*WHAT YOU WILL DO*:
From the first line to the last, output the data exactly as it stands, minus its pictures.

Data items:
- - - - - - -

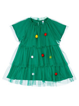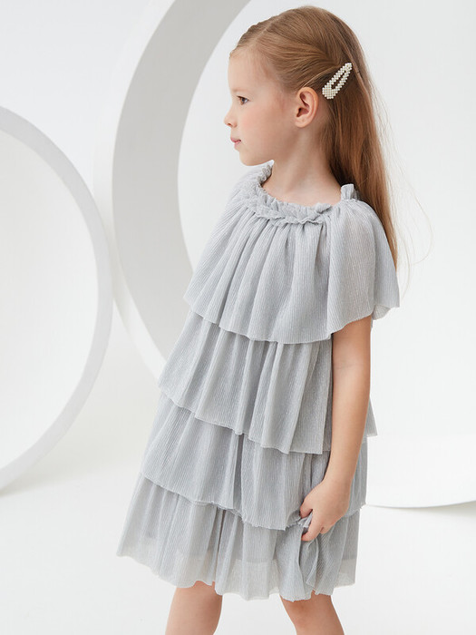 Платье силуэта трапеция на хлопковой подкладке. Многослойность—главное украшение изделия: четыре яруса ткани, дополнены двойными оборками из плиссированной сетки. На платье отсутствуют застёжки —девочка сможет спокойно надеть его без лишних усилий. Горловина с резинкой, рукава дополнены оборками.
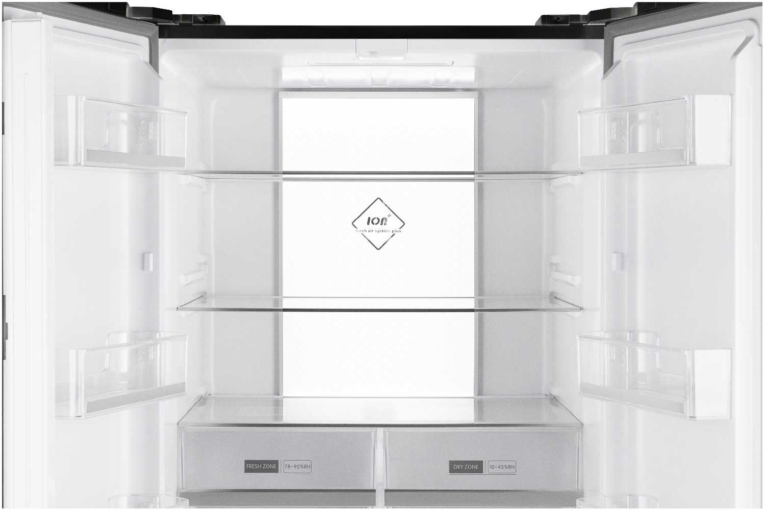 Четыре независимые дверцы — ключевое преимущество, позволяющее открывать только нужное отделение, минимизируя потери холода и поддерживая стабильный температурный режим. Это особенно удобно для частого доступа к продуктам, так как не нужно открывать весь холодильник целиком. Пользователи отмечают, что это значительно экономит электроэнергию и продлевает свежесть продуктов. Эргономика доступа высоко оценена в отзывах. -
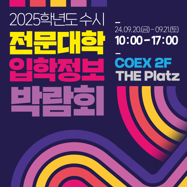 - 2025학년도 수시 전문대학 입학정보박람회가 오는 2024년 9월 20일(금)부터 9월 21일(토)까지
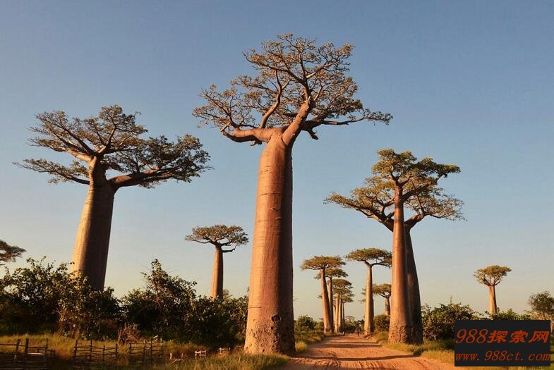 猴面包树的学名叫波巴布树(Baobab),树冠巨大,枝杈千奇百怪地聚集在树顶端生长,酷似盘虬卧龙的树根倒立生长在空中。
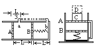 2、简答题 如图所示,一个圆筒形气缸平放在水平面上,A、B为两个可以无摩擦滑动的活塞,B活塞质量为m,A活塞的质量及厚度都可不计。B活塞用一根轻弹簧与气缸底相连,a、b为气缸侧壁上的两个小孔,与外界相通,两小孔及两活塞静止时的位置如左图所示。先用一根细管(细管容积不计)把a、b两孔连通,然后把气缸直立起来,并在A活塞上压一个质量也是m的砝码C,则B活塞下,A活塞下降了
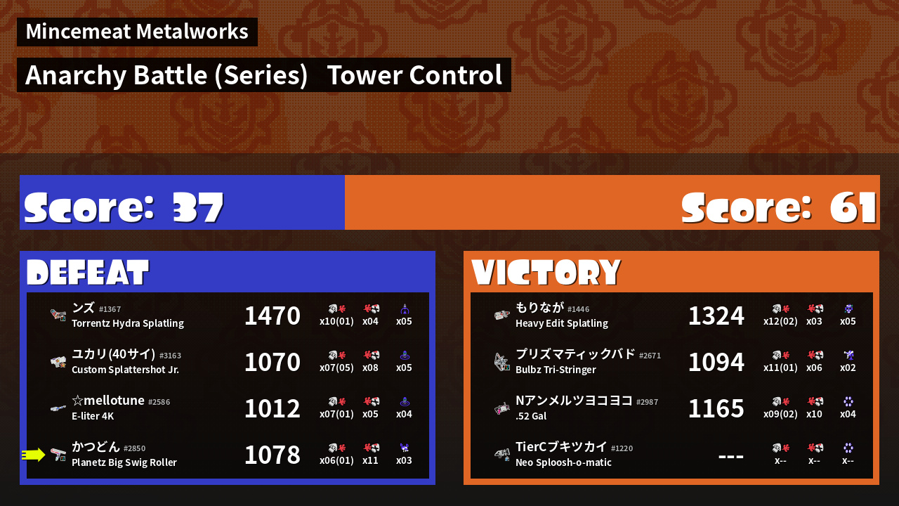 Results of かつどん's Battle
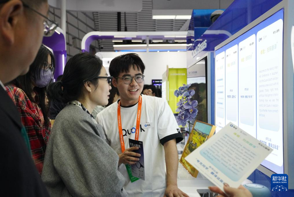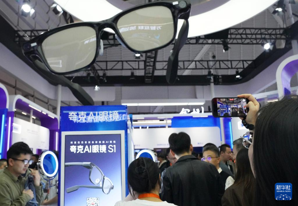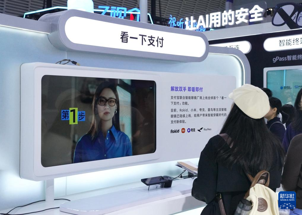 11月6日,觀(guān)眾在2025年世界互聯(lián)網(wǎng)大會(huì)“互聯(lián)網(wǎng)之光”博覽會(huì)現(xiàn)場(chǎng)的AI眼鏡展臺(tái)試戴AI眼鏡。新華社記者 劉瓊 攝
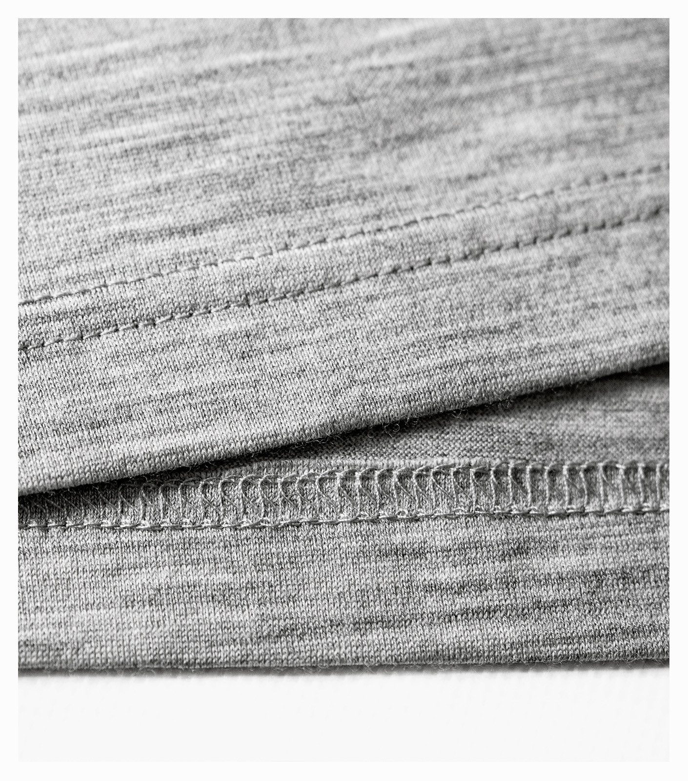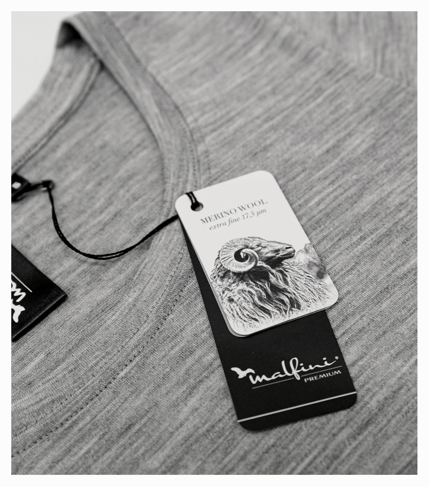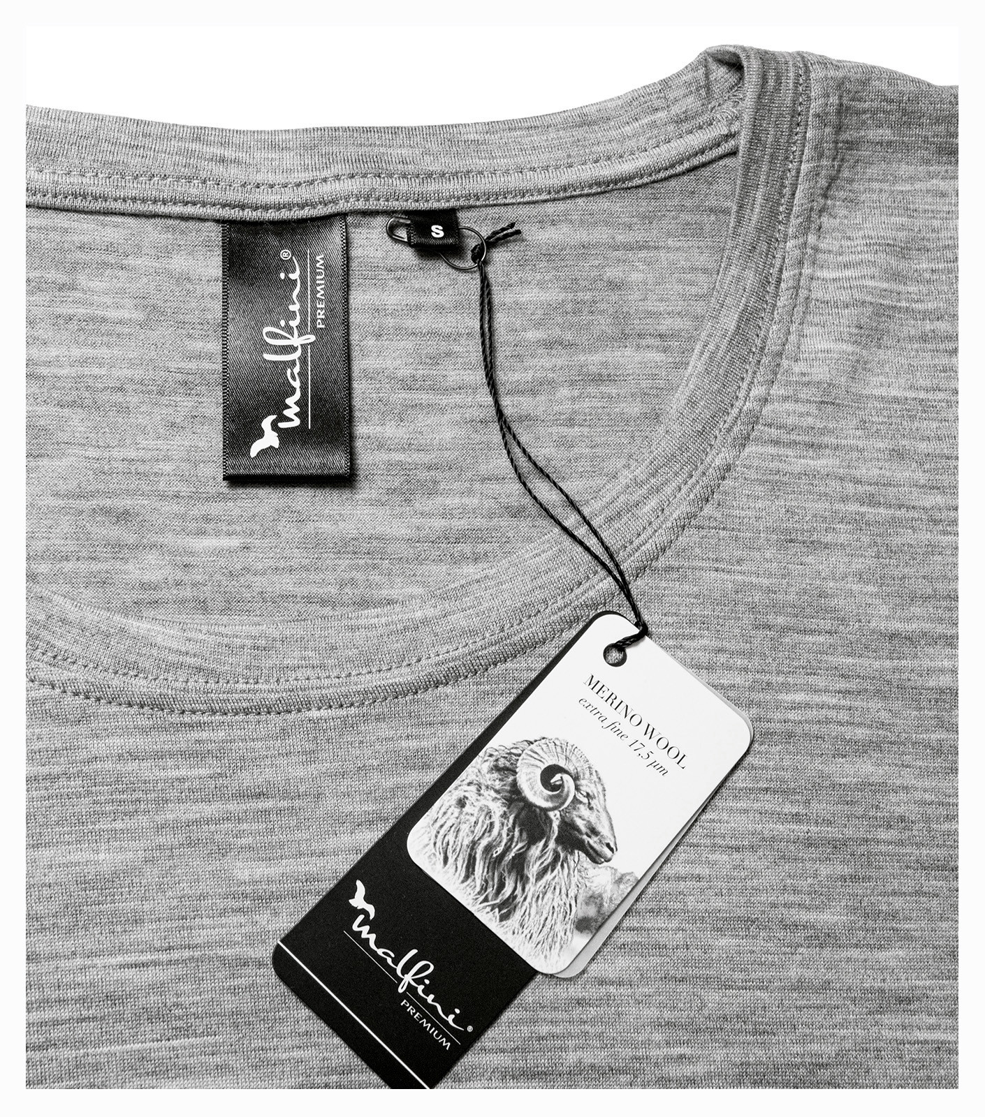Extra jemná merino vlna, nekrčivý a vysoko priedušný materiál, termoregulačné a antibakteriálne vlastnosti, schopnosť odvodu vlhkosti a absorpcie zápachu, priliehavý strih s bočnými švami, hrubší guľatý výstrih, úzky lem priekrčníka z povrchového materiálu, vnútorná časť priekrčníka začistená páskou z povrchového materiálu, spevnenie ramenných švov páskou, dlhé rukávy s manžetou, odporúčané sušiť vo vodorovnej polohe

- - - - - - -

*ANSWER SECTION*:
 Платье силуэта трапеция на хлопковой подкладке. Многослойность—главное украшение изделия: четыре яруса ткани, дополнены двойными оборками из плиссированной сетки. На платье отсутствуют застёжки —девочка сможет спокойно надеть его без лишних усилий. Горловина с резинкой, рукава дополнены оборками.
 Четыре независимые дверцы — ключевое преимущество, позволяющее открывать только нужное отделение, минимизируя потери холода и поддерживая стабильный температурный режим. Это особенно удобно для частого доступа к продуктам, так как не нужно открывать весь холодильник целиком. Пользователи отмечают, что это значительно экономит электроэнергию и продлевает свежесть продуктов. Эргономика доступа высоко оценена в отзывах. -
 - 2025학년도 수시 전문대학 입학정보박람회가 오는 2024년 9월 20일(금)부터 9월 21일(토)까지
 猴面包树的学名叫波巴布树(Baobab),树冠巨大,枝杈千奇百怪地聚集在树顶端生长,酷似盘虬卧龙的树根倒立生长在空中。
 2、简答题 如图所示,一个圆筒形气缸平放在水平面上,A、B为两个可以无摩擦滑动的活塞,B活塞质量为m,A活塞的质量及厚度都可不计。B活塞用一根轻弹簧与气缸底相连,a、b为气缸侧壁上的两个小孔,与外界相通,两小孔及两活塞静止时的位置如左图所示。先用一根细管(细管容积不计)把a、b两孔连通,然后把气缸直立起来,并在A活塞上压一个质量也是m的砝码C,则B活塞下,A活塞下降了
 Results of かつどん's Battle
 11月6日,觀(guān)眾在2025年世界互聯(lián)網(wǎng)大會(huì)“互聯(lián)網(wǎng)之光”博覽會(huì)現(xiàn)場(chǎng)的AI眼鏡展臺(tái)試戴AI眼鏡。新華社記者 劉瓊 攝
Extra jemná merino vlna, nekrčivý a vysoko priedušný materiál, termoregulačné a antibakteriálne vlastnosti, schopnosť odvodu vlhkosti a absorpcie zápachu, priliehavý strih s bočnými švami, hrubší guľatý výstrih, úzky lem priekrčníka z povrchového materiálu, vnútorná časť priekrčníka začistená páskou z povrchového materiálu, spevnenie ramenných švov páskou, dlhé rukávy s manžetou, odporúčané sušiť vo vodorovnej polohe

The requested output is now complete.